Asked to do a ”Ted Talk-style”-talk at an event, I say Yes without giving it a second thought. Four days before the event, I am startled when I realize that it’s time to figure out, in general terms, what to speak about. So I spend a few hours jotting down ideas on a piece of paper, that turns into two pieces of paper. Three. Four. Five even. There’s enough material there for a half day workshop, when in reality I have approximately 12-15 minutes. So I let it rest, go about my days, letting the ideas and my intention for the day percolate quietly in the background.

Sit myself down two nights before the event, flicking through those five pages worth of ideas, grabbing an empty piece of paper and write… and what comes up is quite different from what was on the first five pieces of brainstorming material. Get busy with other things, and my presentation is put on the back-burner again.

Waking up at four am, I lie in the dark in my bed, and start to hold an imaginary presentation, putting myself on that stage, and start to speak. I find words, ponder what worth they carry, move ahead, not really getting any sense of flow at all, so after some time I turn on the light, pick up a book, and read until my eyelids start to flutter. Turn off the light and go back to sleep for a few more hours.

As I awaken, I get up on that imaginary stage again, start to give my talk, and then, a few minutes in, I fall into that place where I know I do my best. The place where I am free of must’s and should’s, where I flow with what wants to happen. I hear the difference in my voice, how the pace of my speech slows down, how I articulate myself, and a tell-tale sign are the pauses that become an integral part of how I show up. Attuned to what wants to happen I don’t know beforehand what will come out of my mouth, so the listening within is a crucial part of how I do me. I flow with it for ten minutes or so, come to a natural close, and step off stage.

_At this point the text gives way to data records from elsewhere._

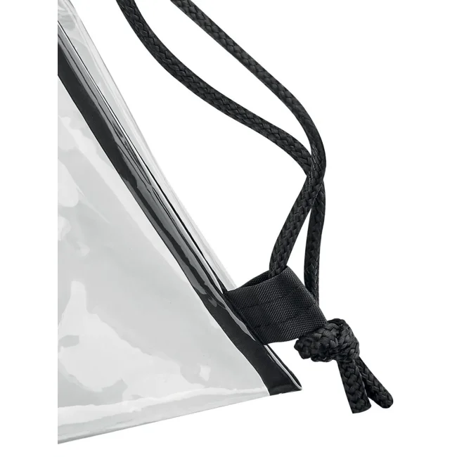 Borsa da palestra realizzata in TPU trasparente, caratterizzata da un tessuto soft-touch e rilegatura in poliestere. Con una capacità di 11 litri e dimensioni di 33x45 cm, è dotata di cordini rinforzati per una maggiore resistenza. L'area di stampa di 28x26 cm consente personalizzazioni efficaci.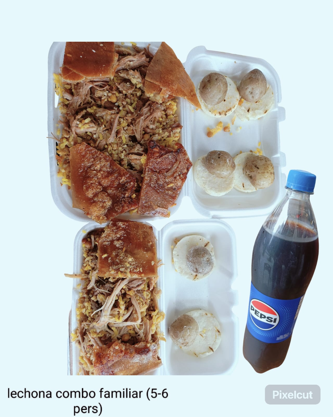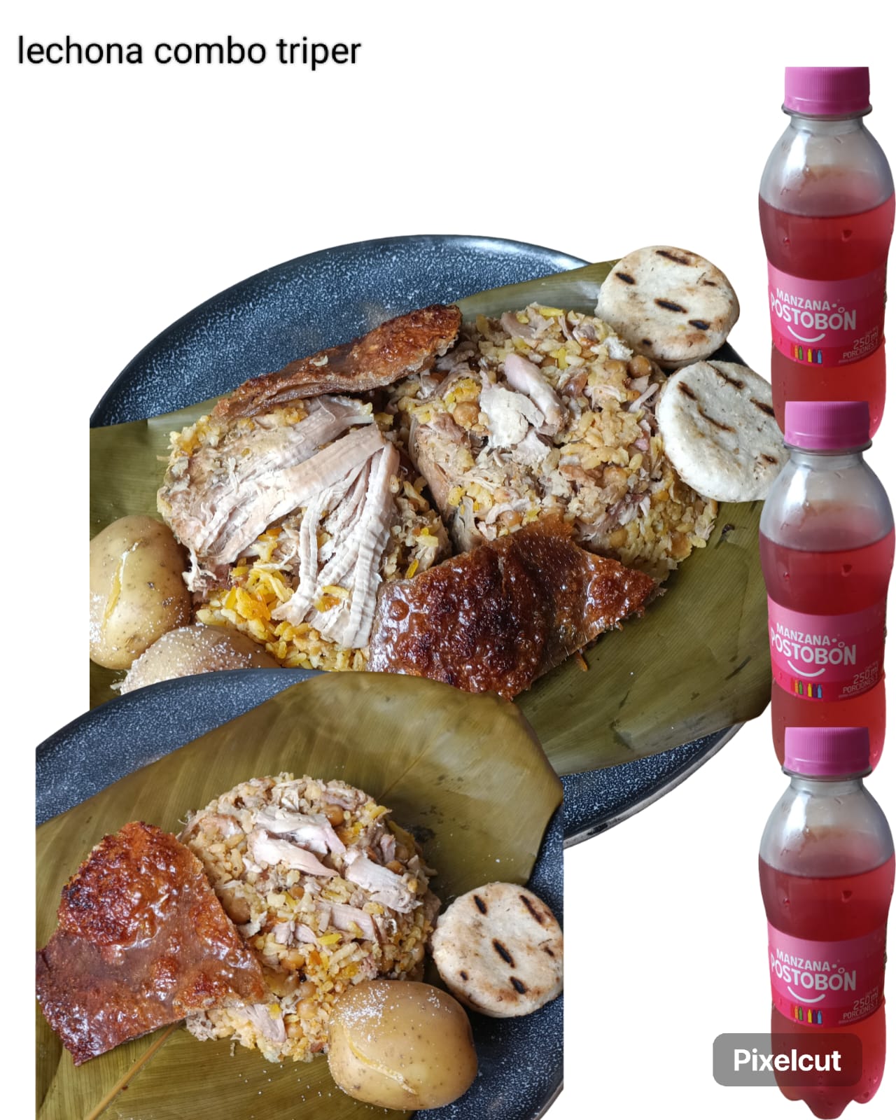 Lechona lb más lechona personal más 3 arepas más 3 papas saladas y 3 gaseosas 250 ml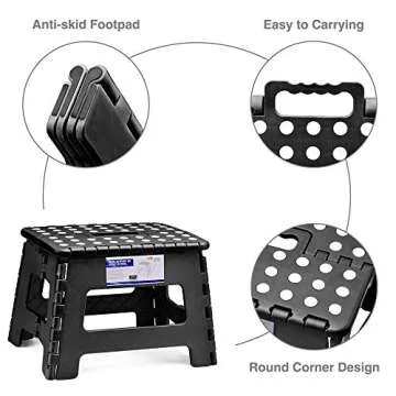 Equipped with a unique carrying handle, these stools can be effortlessly folded and unfolded with just one hand, making them an ideal choice for anyone on the go. The handle appears conveniently when the stool is folded flat, allowing you to carry it from room to room with ease. They’re also designed to save over 90% of your closet space when not in use; simply slide them into tight spots or tuck them under furniture until needed.

Pleased with myself I know what I just did would have fit perfectly on that stage tomorrow, giggling a bit as I am curious if tomorrow’s talk will be as good as the one I just gave with Pop the cat lying next to me in bed as my not-too-attentive audience, in the semi-darkness of the bedroom, well before the rising sun, the chirp of the birds and the hum of traffic pick up, informing me that a new day has come.

If I flow with what wants to happen tomorrow, all will be well.